Struck a Chord

I am strongly, massively in favor of emotional regulation. I think it’s the ultimate skill; I think pretty much everything else flows from it. I think it’s one of the most important lessons to teach children; in fact, it’s so important that if it’s the only thing you teach you’re probably a great parent. I think many parents don’t teach it, and as a result lots of adults don’t know it, so it’s good for everyone.

Because of this stance, many people who interact with me regularly think that I’m anti-emotion; that I’m cold or repressed because I don’t fly off the handle even when things upset me. But nothing could be further from the truth. I think our emotions are incredible; they bring us the joy that makes life worth living. I don’t think we survive despite them; I think we thrive because of them.

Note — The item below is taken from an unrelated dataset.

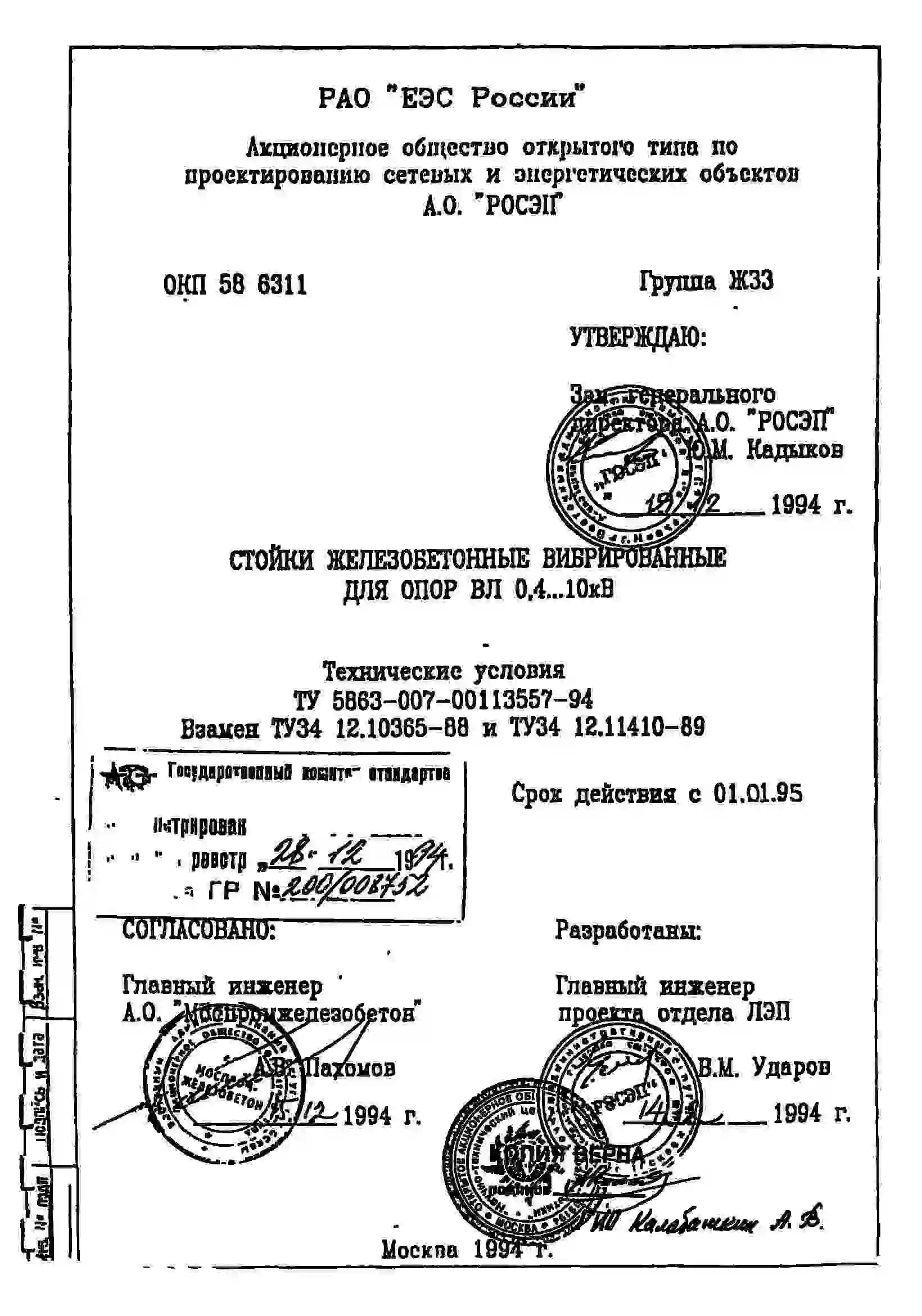 Шифр ТУ 5863-007-00113557-94 Технические условия «Стойки железобетонные вибрированные для опор ВЛ 0,4-10 кВ»

But I want you to imagine something for a moment. Imagine a piano, but someone has tampered with it. They’ve gone inside and they’ve taken every string and moved it, so that instead of all 88 being in order they’re essentially random. There’s no correlation between which key you hit and what sound gets made. And every other day or so, this prankster goes inside while you’re sleeping and moves them around again.

No matter how carefully you pressed the correct keys, the piano would never make the sounds you wanted. The beautiful melodies would be replaced by discord.

Emotional regulation isn’t pulling out the strings entirely. It’s putting them back in the right order so that the actions we take produce incredible music, instead of cacophony.

It means aligning our actions and the emotions we want, and understanding how our emotions drive the next action we take. It’s putting ourselves in harmony so that we can enjoy our emotions, rather than letting them torture us until we run from them. It’s turning noise into rapture.

Like playing piano, it takes practice. Like the most beautiful song, it’s worth the effort.